Jeff Kelson:Continuing on, we talked about the remittance tax is up to 5% of 1.3 and a half ends up at 1%. As Sarah said, maybe they think more people will collect more that way. Many of the requirements of both parents married have a social security number would change, require only one parent to have a social security number. Significant reduction in excise tax on private university endowments. It was higher one point up to 21%. You saw it. It's now what, 1.44% and 8%. And the Senate did introduce a 40.8% tax on litigation funding. Those are for companies or people that buy into litigation claims. It was up to 40.8 to one point and it was reduced to 31.8% and then it was removed. So there's no changes to the tax and litigation funding. And now let's talk about notable absences. There is nothing in this bill that addresses carried interest.

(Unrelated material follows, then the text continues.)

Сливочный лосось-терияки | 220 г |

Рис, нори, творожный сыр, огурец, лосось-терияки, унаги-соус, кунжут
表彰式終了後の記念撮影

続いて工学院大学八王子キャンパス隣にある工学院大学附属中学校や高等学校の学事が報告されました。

It remains the same under Section 10 61, despite calls to remove it, there was a limitation for sports franchises only to allow 50%. 1 97 amortization deductions of sports contract removed. It's back to how it was. No increases to the top tax rate of millionaires stays of 37%, which has been for the last six or seven years. It remains there. So it has retained the same high tax. I mean the highest tax rate has remained at 37% and it's going to continue. There was a lot of talk in the Senate about making enhancements to health savings accounts to allow more flexibility for what they can be used for and to collect Medicare and not be disqualified from deducting it all gone. No changes to the HSA. It is what it was before. House included an excise tax and net investment income of private foundations up to 14% gone.

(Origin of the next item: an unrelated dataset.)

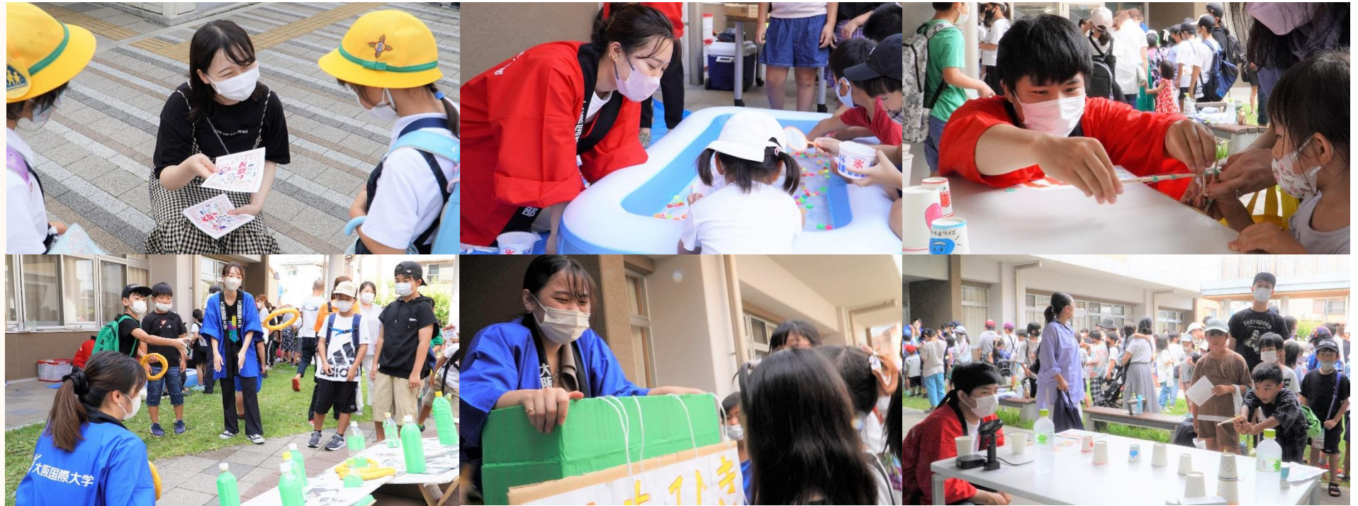
チラシのデザインと作成: 皆木秋桜乃さん

So remember notable absences. These are not in the bill. If you had heard something about this, this is what your raised from your mind house included parking benefits to employees and income from publicly available research and unrelated business tax for nonprofits. Got rid of that. There's no digital asset provisions. There were amendment, this is for crypto and the like. There was a lot of talk about that and some of the bills then make it to the end. And finally, strangely enough, the often extended work opportunity tax credit has been left to linger. It is not going to be extended after 25. That's a credit for businesses who employ certain people from certain veterans or felons or certain disadvantaged folks that credit has been around for a long, long time. They didn't extend it. Can it be extended in the future? Perhaps, but right now it's notable but not being extended. So that's what we got. We're right up to the end. Thank you Sarah.

Sarah Adkisson:I do just quickly want to say that one of the main reasons to remember these things that had been in the bill and were removed is that you can kind of view this as a potential list of options for this Congress potentially moving forward or for any Congress really. If they were willing to put it in this big of a bill, then they may be willing to put it in future bills as well.